Branding: Getting it Right

Branding: Getting it Right

Branding: Getting it Right

30/09/2016

In this article we take a look at branding and some of the approaches you can take to building up a brand to help your business grow. We consider some of the burning questions every entrepreneur has when it comes to branding including; why is branding important?, what are the benefits?, and what actions do we need to take? All of this and more is covered here.

Introduction

A brand is one of the most important parts of a business. The right brand strategy offers an edge over the competition. What does branding mean and how does it affect ambitious businesses? In straight forward terms, it helps customers understand you and how you are different from the competition. A brand tells a customer who you are and why they should come to you. A brand can tell a customer if you are experienced, exciting, reliable, high cost or low cost, high quality, easy to do business with, and many other things. You can't be all things to all customers. Brands help to target customers.

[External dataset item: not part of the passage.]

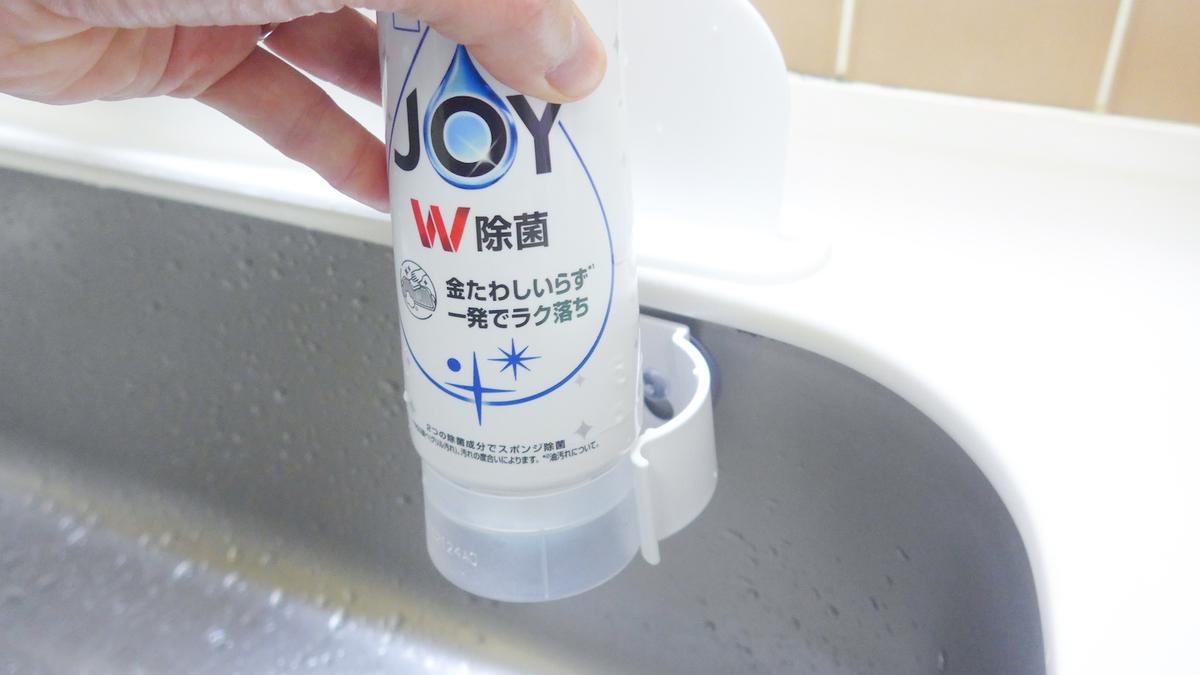 油汚れがひどいフライパンや鍋は、洗剤を直接かけて洗いたい派なので、ボトルを手前に引くだけてサッと外せるのは、思っていた以上に便利でした。
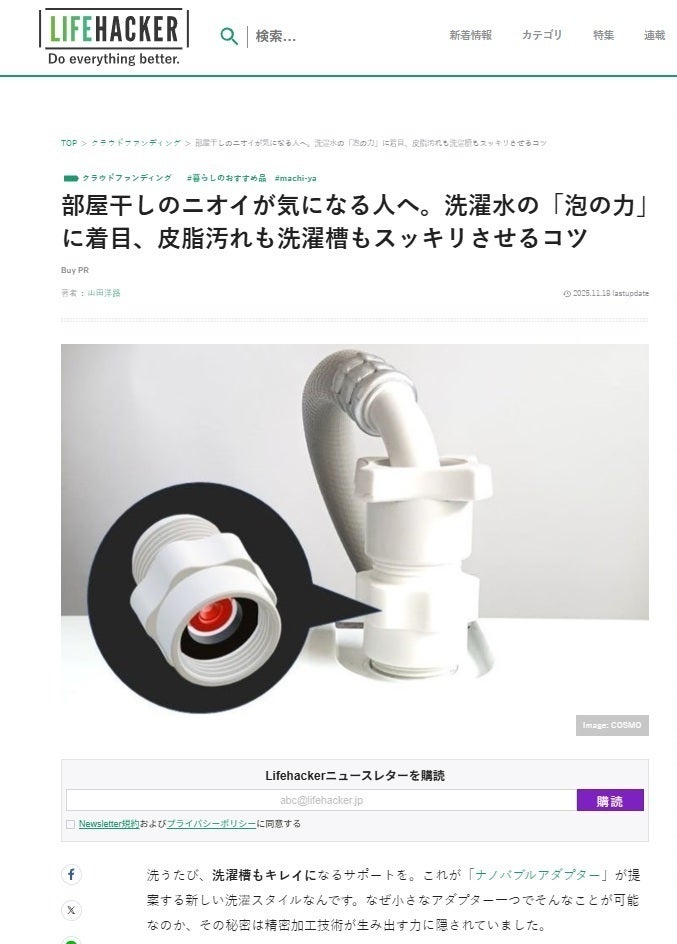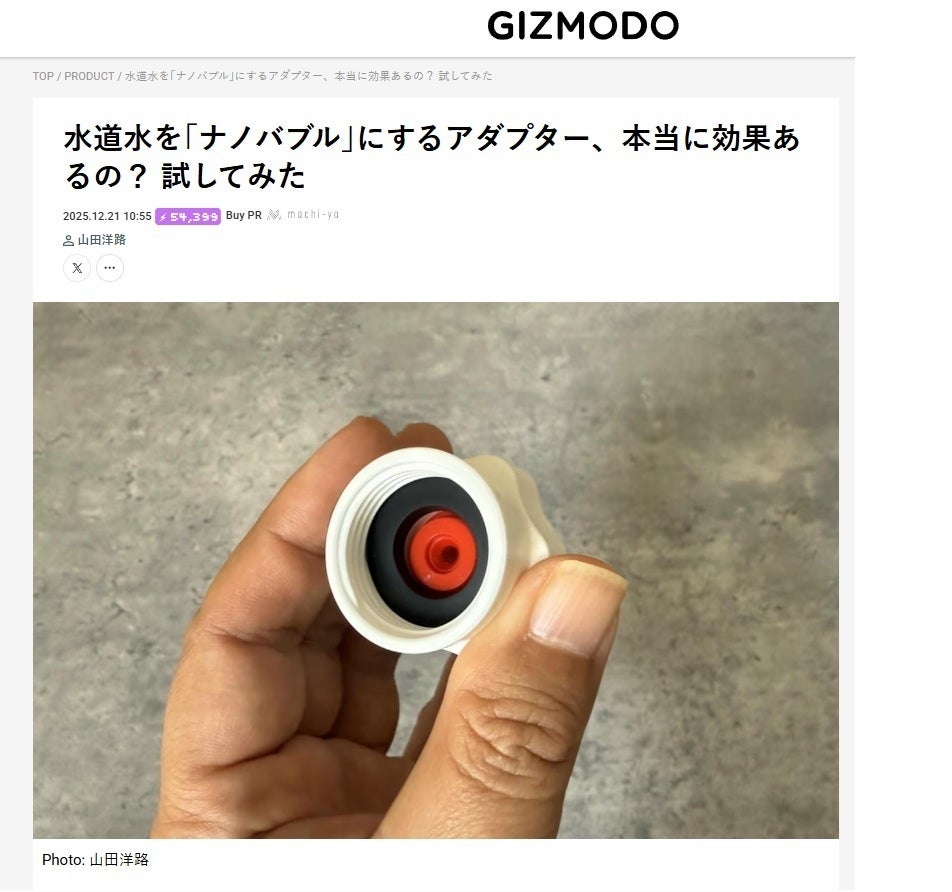 皆様おかげさまで、本プロジェクトは開始から約1ヶ月で100人を超える方々にご支援いただき、さらに現在200名以上の仲間が集まるプロジェクトへと成長しました。心より御礼申し上げます。そしてこの度、ギズモード・ジャパン様に本プロジェクトをご紹介いただきました!家庭でも手軽にナノバブルを体験できる革新性や、洗浄力・消臭力の実感について丁寧にレビューしていただき、大きな励みとなっています。▼掲載記事はこちらhttps://www.gizmodo.jp/2025/12/machi-ya-cosmobub-review-897753.html記事では、- 工具不要で5分で取り付けられる手軽さ- 皮脂汚れや食べこぼし汚れへの効果- 部屋干し臭の軽減- 洗濯槽のキレイさ維持への期待などが実際の検証を通して紹介されています。皆様からの応援が、こうしたメディア掲載や広がりにつながっています。引き続き、より良い体験をお届けできるよう全力で取り組んでまいります。今後ともどうぞよろしくお願いいたします。

The basis of a brand is a logo. The logo forms a crucial element of your website, flyers, business cards, banner ads, signage and more. But a brand doesn’t stop there. A brand is your businesses voice and identity in the market place. Crafting that voice and identity is both a fun and very difficult part for every business owner.

Approach and Rationale

Defining what, where, when, and how you will communicate forms one half of your strategy, the other half is to whom this brand messaging will go to. Advertising, your distribution channels, and your ways of interacting are all part of your strategy. The key to success is to successfully identifying these variables and then consistently delivering on your messaging to secure long-term value for your business. Brands allow a business to differentiate from the crowd and retain a premium price over unbranded competition.

Good examples can be found in the retail of household basics such as bread and milk. In the bread market brands such as Kingsmill and Warburton's have successfully branded their products and can charge a premium price over the supermarket generics and retain prime shelf locations. For the most part, no milk producer has been able to match that level of successful branding and so they have no product loyalty and are relegated to less favourable positions on the supermarket shelf.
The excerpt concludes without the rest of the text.